Patch 10.05 First Impressions: The Duelist Meta Just Cracked Open

A round of targeted nerfs finally pulls the duelist tax back down to earth. Here's what's actually changed in how I'm playing the map.

Josh

Every few patches Riot ships a set of numbers that look small on the changelog and then completely reshape how a round feels. This is one of those patches. On paper it's a handful of tweaks. In practice, the opening duel doesn't carry the entire round anymore.

What I actually feel in-game

The headline for me isn't any single nerf — it's the pacing. Entry fragging used to be a coin flip that decided everything.
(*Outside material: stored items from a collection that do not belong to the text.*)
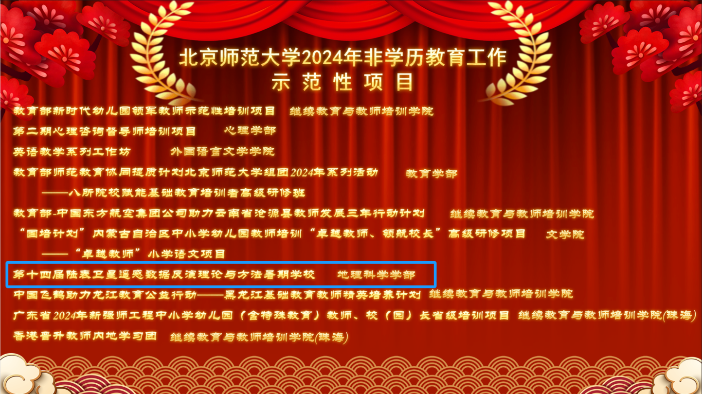 经过评审团的认真考评和筛选,琉璃神社 、遥感科学国家重点实验室主办的“第十四届陆表卫星遥感数据反演理论与方法暑期学校”项目喜获“琉璃神社 2024年非学历教育工作示范性项目(优质高效型)”称号,这是该暑期学校继2021年度后再次获评示范性项目。
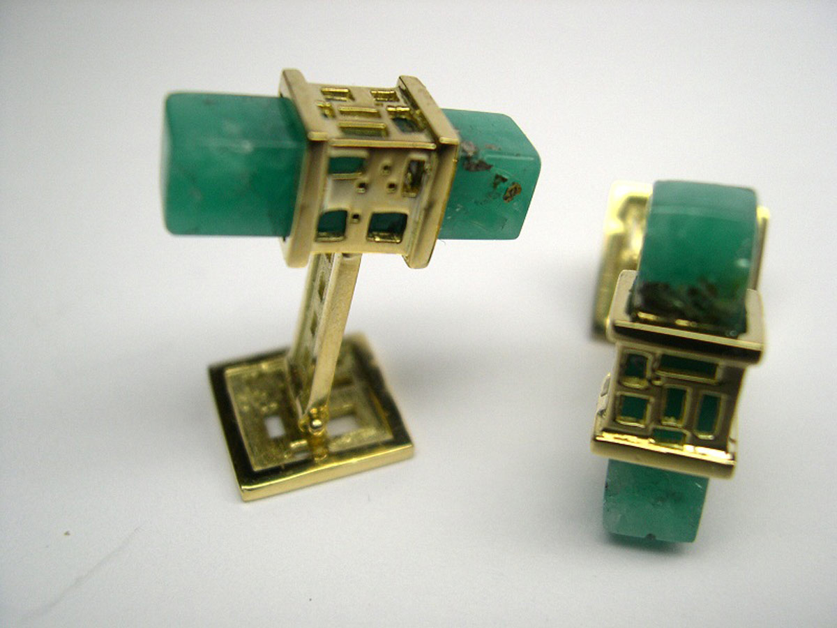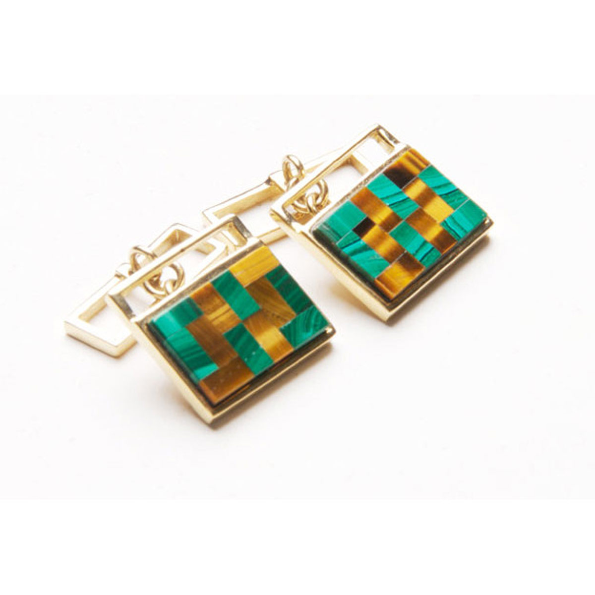 Sonia Zea nos presenta con su particular estilo, nos presenta unos originales gemelos, montados en oro amarillo con un damero realizado con malaquita y ojo de tigre, entre otras piezas.
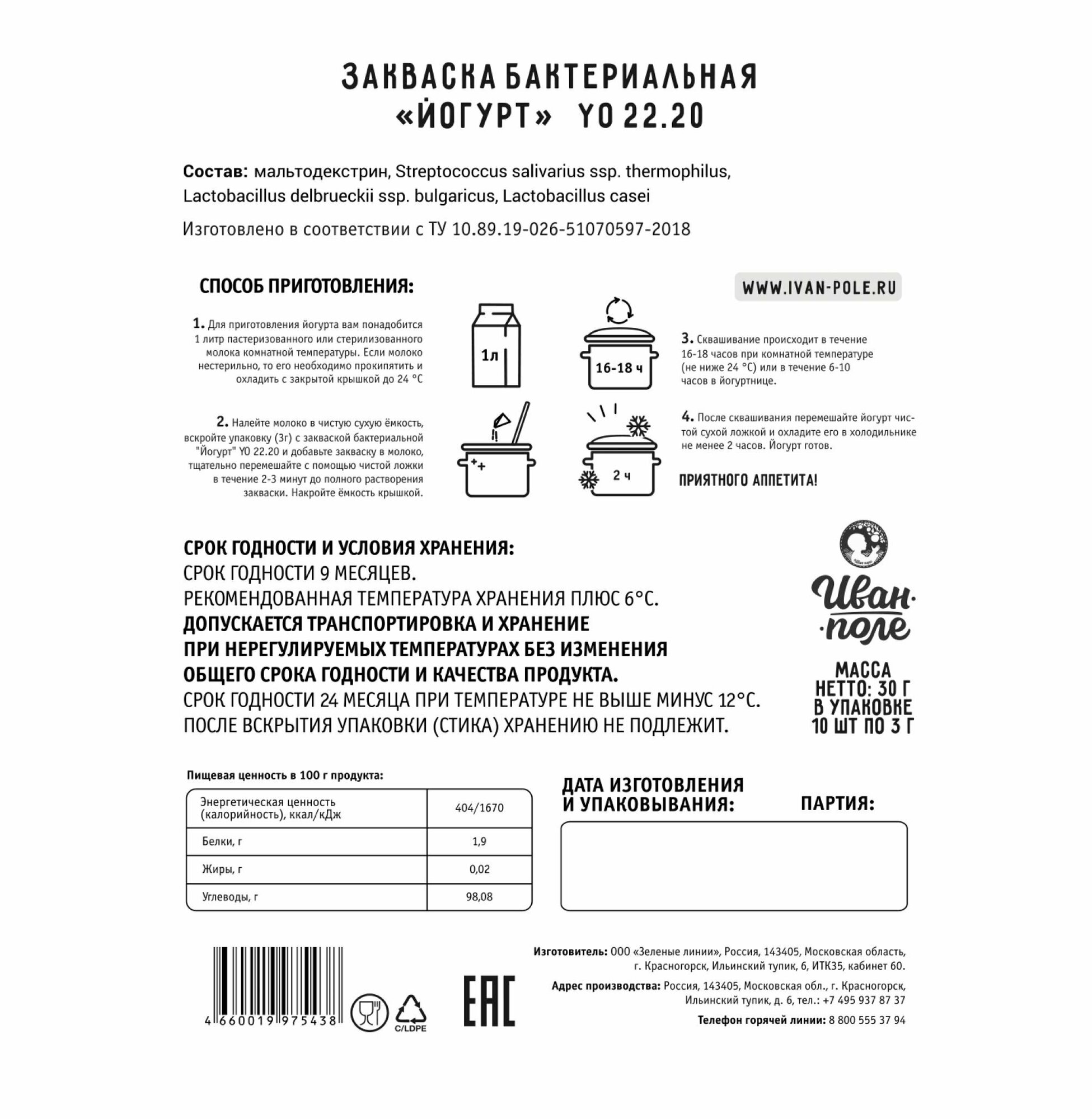 Набор закваска Йогурт и Айран, 20 порций, сухая бактериальная, Иван-поле
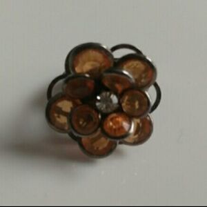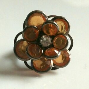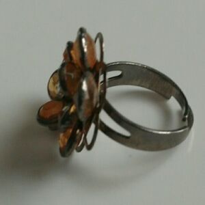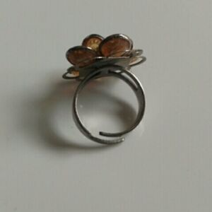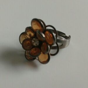 There are 2 layers of orange transparent jewels (petals) on this ring and it is adjustable (currently set at a size 7.) Super cute!
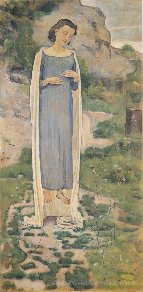 Wir bieten Ihnen eine handgefertigte Reproduktion auf Leinwand des berühmten Kunstwerks 'Welche Blumen saing' von Ferdinand Hodler, aus dem Reproduktionsmuseum.
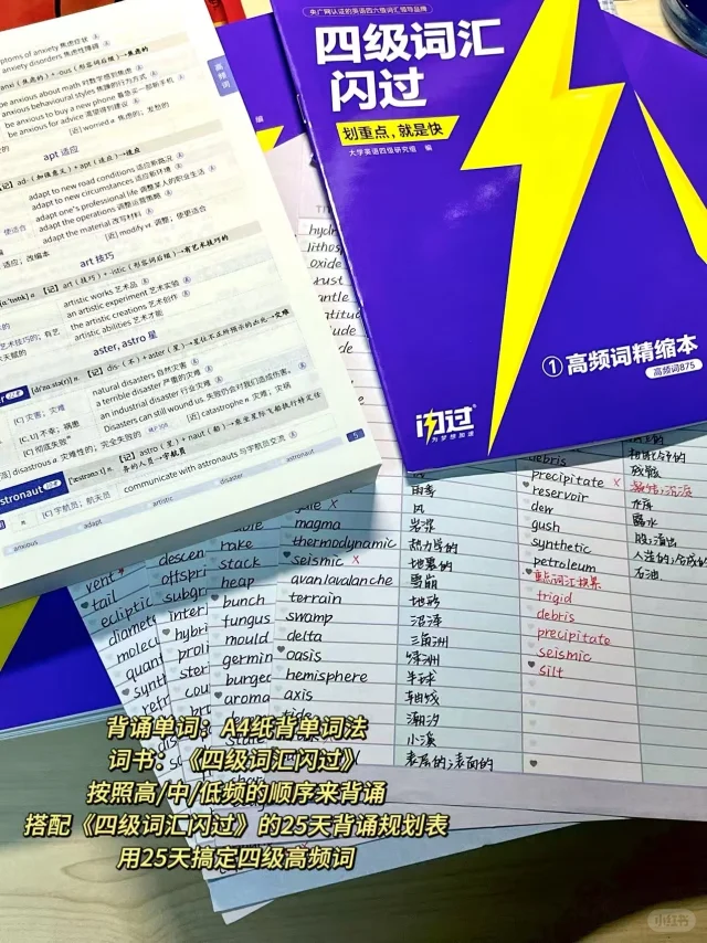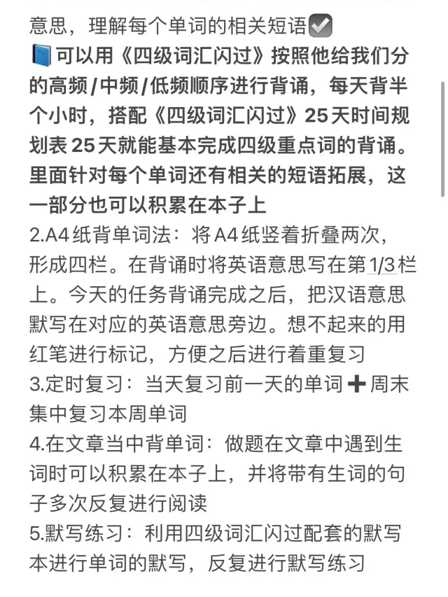 📘可以用《四级词汇闪过》按照他给我们分的高频/中频/低频顺序进行背诵,搭配《四级词汇闪过》25天时间规划表,25天就可以背完四级重点词汇~里面针对每个单词还有相关的短语拓展,这一部分也可以积累在本子上
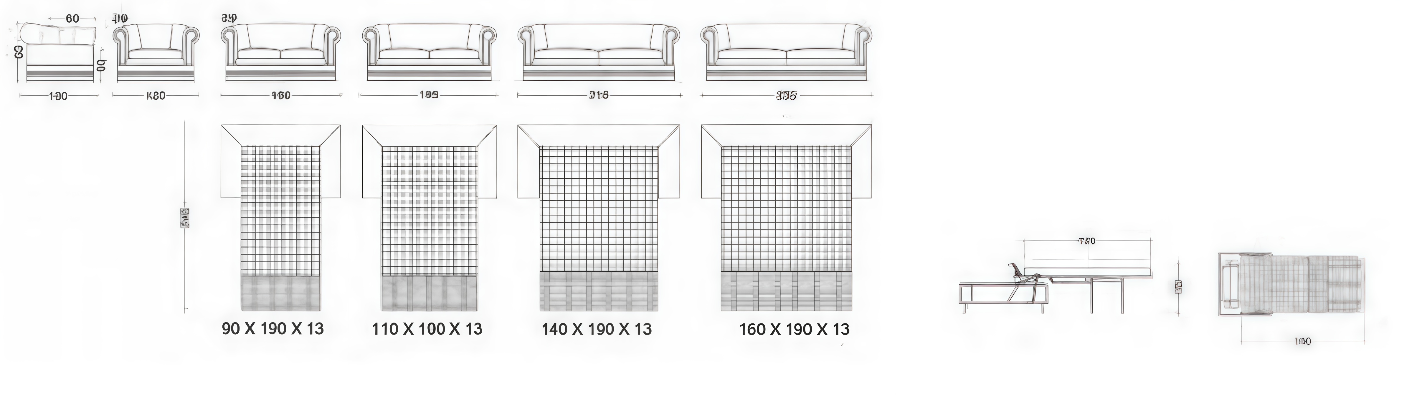Указаны варианты по посадочным местам: кресло, 2‑местный, 2,5‑местный, 3‑местный и 3,5‑местный. Матрас имеет высоту (толщину) 13 см.
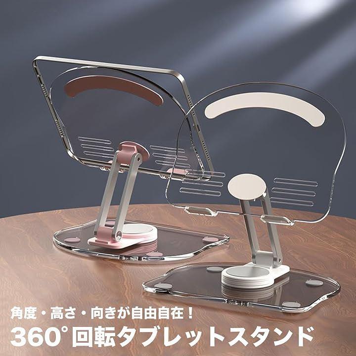 「商品説明」角度・高さ・向きを自由に調整できる360°回転タブレットスタンド。
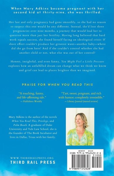 When Mary Adkins became pregnant with her second kid at thirty-nine, she was thrilled. Instead of a smooth pregnancy, she'd lose three pregnancies over nine months, a journey that would lead her to question more than just her fertility. Having long believed that hard work equals success, she found herself facing an ideological crisis: If sheer effort couldn't produce her greatest want- another baby-where did she go from here? And if she couldn't control this, what else was out of her control? Honest, insightful, and even funny, You Might Feel a Little Pressure explores how an unfulfilled dream can change what we think we know, and grief can lead to places brighter than we imagined.

Now a lost opening duel is recoverable, because the supporting kit around it got a little stronger relative to raw aggression.

A few things stood out after a night of comp:

  • Trades matter more than entries. Punishing an over-extension is suddenly worth as much as winning the first contact.
  • Utility timing got stricter. The margin for throwing a lineup late shrank, so pre-round setups are back in fashion.
  • Defaults feel safer. Slow, map-control-first rounds stopped feeling like you were griefing your duelist.

The change that matters most

The smartest balance changes don't delete a playstyle — they just make the alternatives competitive again.

That's exactly what happened here. Aggressive duelist play is still strong; it's just no longer the only answer. When the whole roster has a viable plan, matches get more interesting to both play and watch.

Should you change your habits?

If you main an entry agent, nothing dramatic — keep taking space, just expect your team to actually trade you instead of running it down behind you. If you play controllers or sentinels, this is your patch. Reclaim the tempo.

I'll do a deeper numbers breakdown once the pro matches give us a real sample. For now: good patch, healthier game.